The real challenge? Deciding which project to focus on next.

Right now, I’m building out several original concepts, including:

  • The Food Truck – a lean, indie horror thriller centered on one killer location.
  • Tomb of the Troll King – I'm bringing back sword & sorcery with a gritty, low-budget attitude.
  • Redneck Kaiju – giant monsters, backwoods mayhem, and a ton of potential.

That's just three out of dozens that I have slithering, stalking, and fluttering around inside my fevered brain.

If you’re a producer or studio looking for original, market-ready content to develop or option, let’s talk. My bench is deep, and I’m always generating new material.

wil@nogglestones.com

Hollywood’s having a nostalgia hangover.

Reboots, sequels, and spinoffs aren’t delivering like they used to. Audiences are ready for bold, new stories. The kind of stories that haven’t been chewed over by a dozen previous installments. And that’s exactly what I’m focused on creating.

I’m a screenwriter and IP developer with a track record of getting projects made, including my recently released indie horror film Bone Hill, the sci-fi actioner Winter: Battleground, and a portfolio of work-for-hire screenplays for studios like Epic Pictures.

I’ve also written and published multiple novels, including The Whisper King series, which was once optioned by Platinum Studios and featured in The Hollywood Reporter.

But unlike Hollywood, I’m not here to coast on the past.

I’m actively looking for freelance screenwriting work, development opportunities, and creative partnerships. I’ve got a slate of ready-to-go scripts and fresh IP across horror, sci-fi, fantasy, and animation. And I’m always hungry to collaborate on something new and exciting.

If you’re a producer, exec, or investor looking to break away from the IP graveyard and take a chance on something original, let’s talk.

DM me, email me (wil@nogglestones.com) or connect.
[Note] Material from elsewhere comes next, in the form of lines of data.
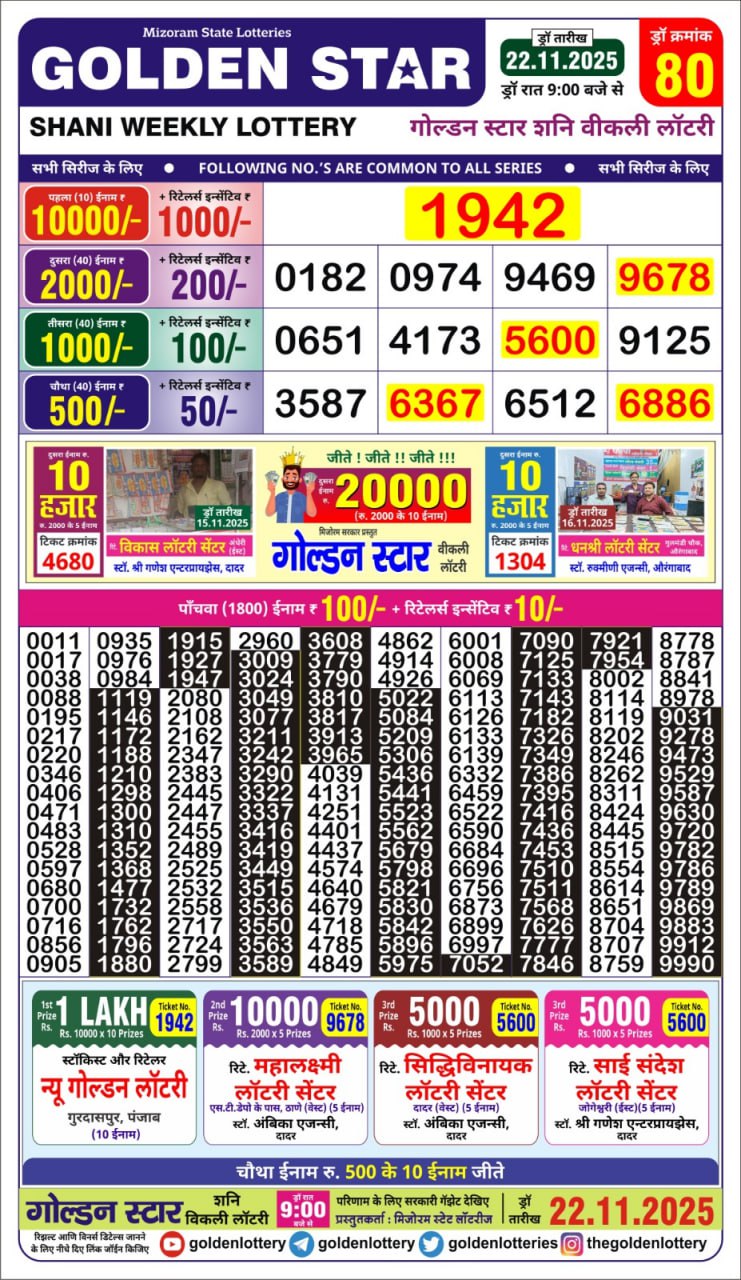Golden Star Weekly 9pm Lottery Result 21 November 2025
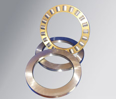 推力圆柱滚子轴承一般由垫圈形滚道圈(轴圈、座圈)与圆柱滚子保持架组件构成,圆柱滚子采用凸面加工, 因此滚子与滚道面之间的压力分布均匀,可承受单向轴向负荷,轴向负荷能力大,轴向刚性也强。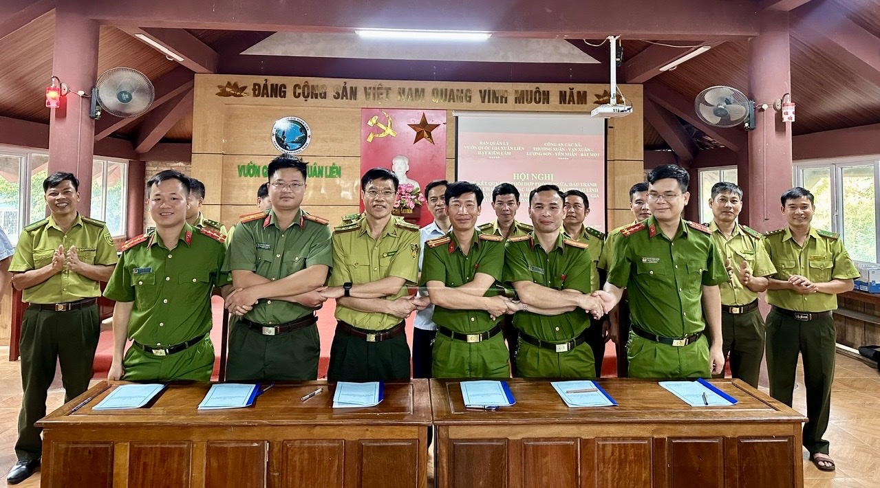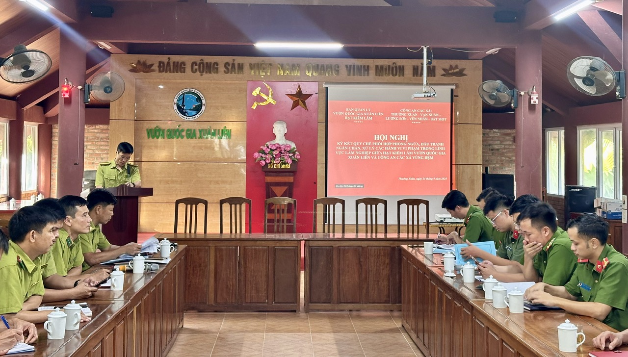 Để đảm bảo diện tích rừng được giao quản lý ổn định, các hành vi vi phạm an ninh rừng sớm được phát hiện, xử lý nghiêm, kịp thời, đúng quy định của pháp luật. Ngày 24/9/2025, Hạt Kiểm lâm Vườn quốc gia Xuân Liên - Ban quản lý Vườn quốc gia Xuân Liên phối hợp với lực lượng công an các xã: Bát Mọt, Yên Nhân, Lương Sơn, Thường Xuân và Vạn Xuân tổ chức Hội nghị thảo luận, thống nhất, ký Quy chế phối hợp trong phòng ngừa, đấu tranh ngăn chặn, xử lý các hành vi vi phạm pháp luật trong lĩnh vực lâm nghiệp giai đoạn 2025-2030.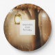 Papier Teller mit einer skurrilen, bezaubernden Illustration in Braun- und Gelbtönen. Ein magischer mystischer Wald mit einem großen Baum, der eine alte Laterne hält. Luftlichter tanzen überall herum. Ein bezauberndes, wunderbares Design.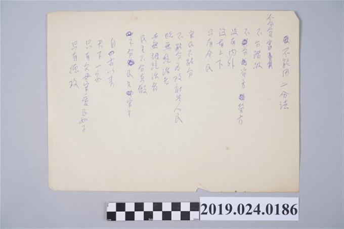 柯旗化詩作〈不能用二分法〉草稿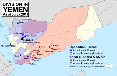 Активность исламистов резко возросла после покушения на президента Салеха 3 июня 2011 года и его последующей эвакуации. Власть над Абьяном практически полностью перешла в руки исламистов во главе с сыном последнего султана Фадли Тариком аль-Фадли, лидером исламистской группировки «Ансар аш-Шариа» («Сторонники шариата»), которого с президентом Салехом связывают родственные и деловые отношения[4].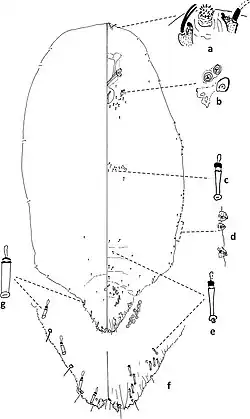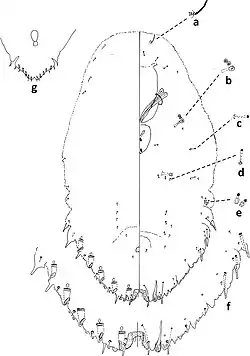 | Fiorinia phantasma 2nd instar female - a) antenna; b) anterior spiracle c) microduct with sclerotized orifice; g) old second-instar female. | |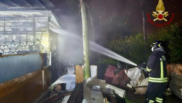 Ricovero attrezzi in fiamme nella notte: i due cani segnalano l'incendio ai padroni
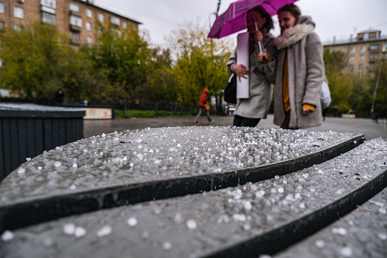 Град выпал в Москве в июне из-за перегретого воздуха, который поднялся в верхние слои атмосферы, заявила NEWS.ru ведущий специалист «Метеоновостей» Татьяна Позднякова. По ее словам, из-за столкновения с отрицательной температурой происходит конденсация влаги, а потом капли замерзают и укрупняются.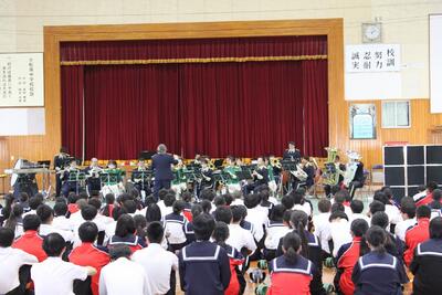 11月6日(木)の5・6校時、本校体育館にて、宮崎県警察音楽隊の皆さんによる「鑑賞教室」を実施しました。迫力ある生演奏を間近で鑑賞できる貴重な機会として、生徒たちは音楽の持つ力と素晴らしさを存分に味わうことができました。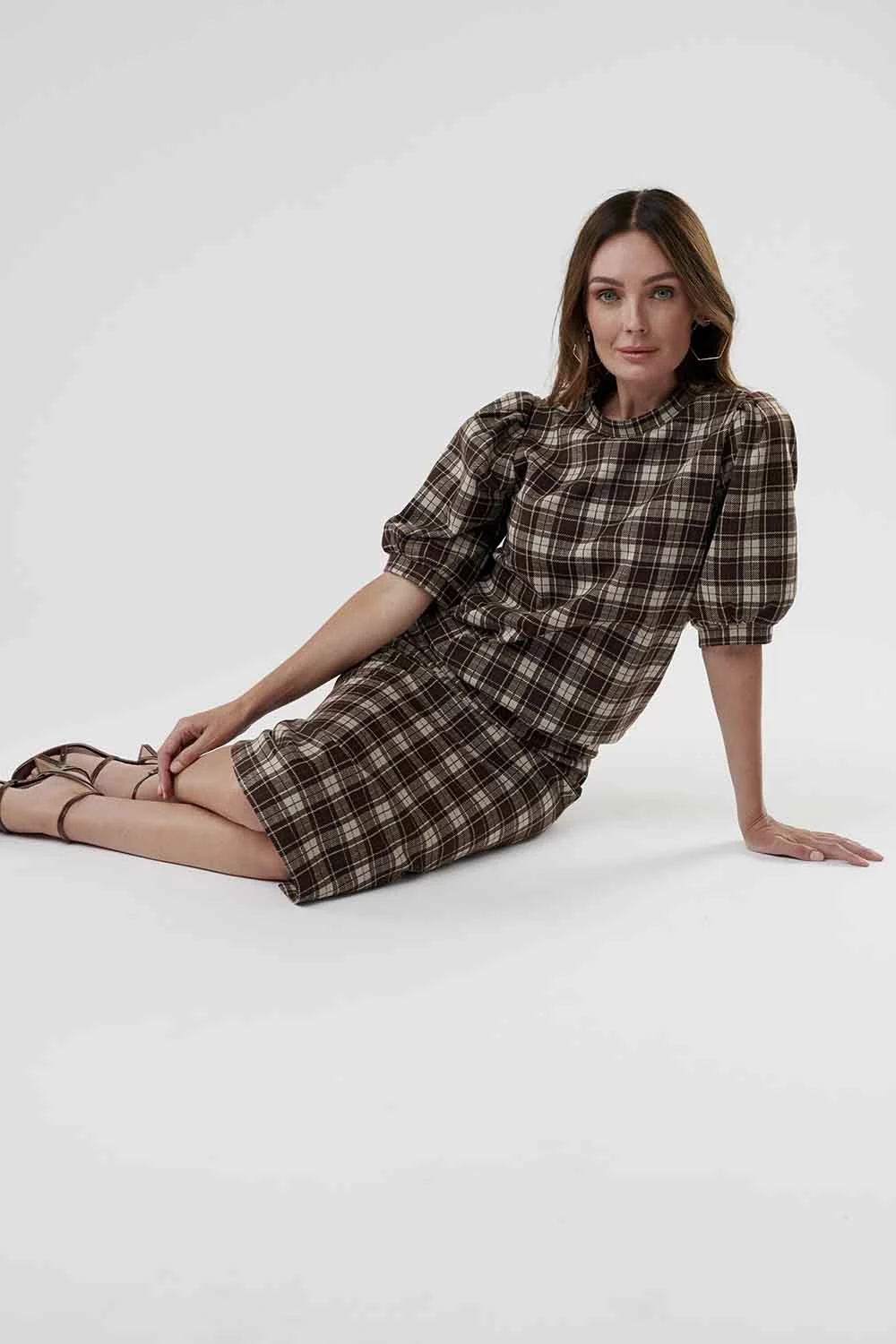 Puffed sleeves? Yes please. Take a step back in time with this darling plaid shirt featuring a crew neck and a flattering fit.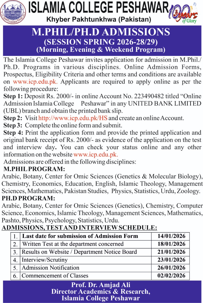 Applications are invited from deserving students from district Peshawar by District Zakat Committee Peshawar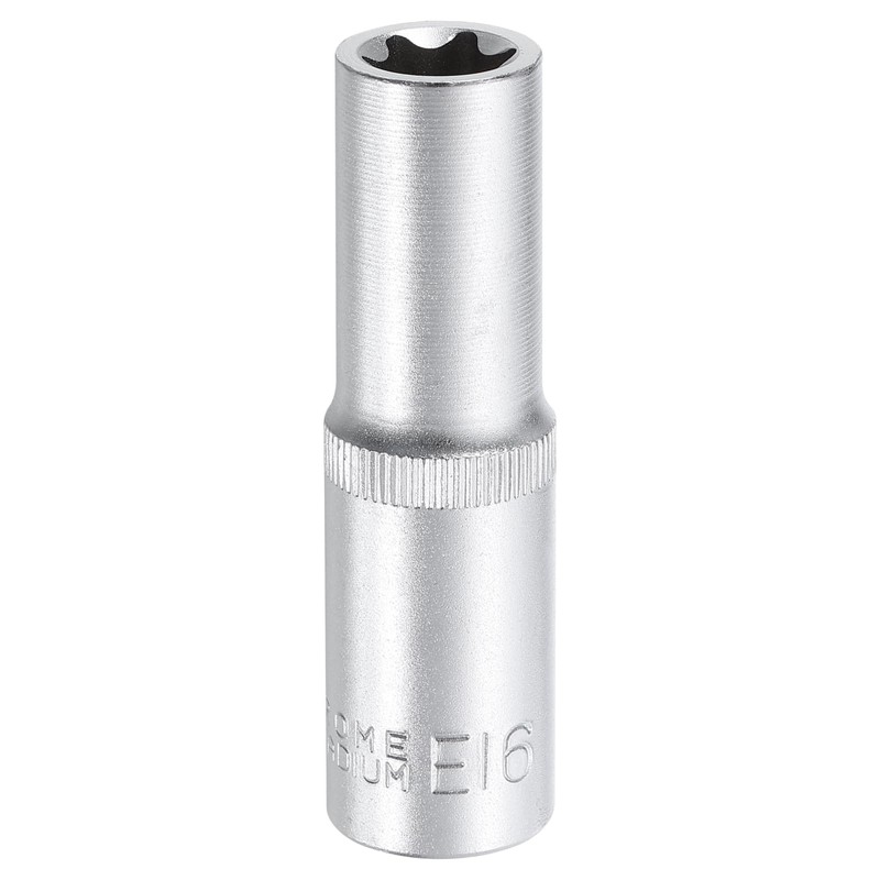 - Size - Drive: 1/2"; Socket Specifications: E16; Total Length: 78mm / 3.07"; Package includes: 1 x External Torx Socket. The specifications of the socket are visible and engraved on the surface. You can quickly switch between different socket sizes to improve work efficiency.

Let’s forge the future together!

A quick reminder from the trenches of networking and pitching…

Sometimes when you're reaching out to potential collaborators, producers, or industry contacts, you're going to miss the mark. Maybe you contact the wrong department. Maybe your pitch isn't a fit. It happens. We're all human.

But there's no excuse for being rude to someone who approaches you professionally.

I recently got a snippy response from someone after a polite inquiry. I won’t name names because this isn’t about revenge or finger-pointing... it's about a broader truth: you never know who you’re talking to, or where they might end up.

I’ve interviewed for jobs I didn’t get, but because the person on the other end treated me with kindness and respect, we ended up working together on a different project years later. That kind of professionalism builds bridges. Rudeness? It burns them before they even exist.

And honestly, I’ve been on the other side too. At my day job, I sometimes turn away walk-in salespeople or cold pitches that don’t fit what we do. I get the instinct to shut things down quickly. But professionalism is about how we do it. A simple, respectful “no thanks” can keep doors open down the line, and preserve your own reputation in the process.

So to anyone out there in casting, producing, distribution, or any field really, keep in mind: your reputation doesn’t just rest on your résumé. It rests on how you treat people when you think they can’t do anything for you.

Because one day, they might.

Have you had a similar experience—on either side of the equation? Feel free to share. I’d love to hear how others have handled this kind of situation.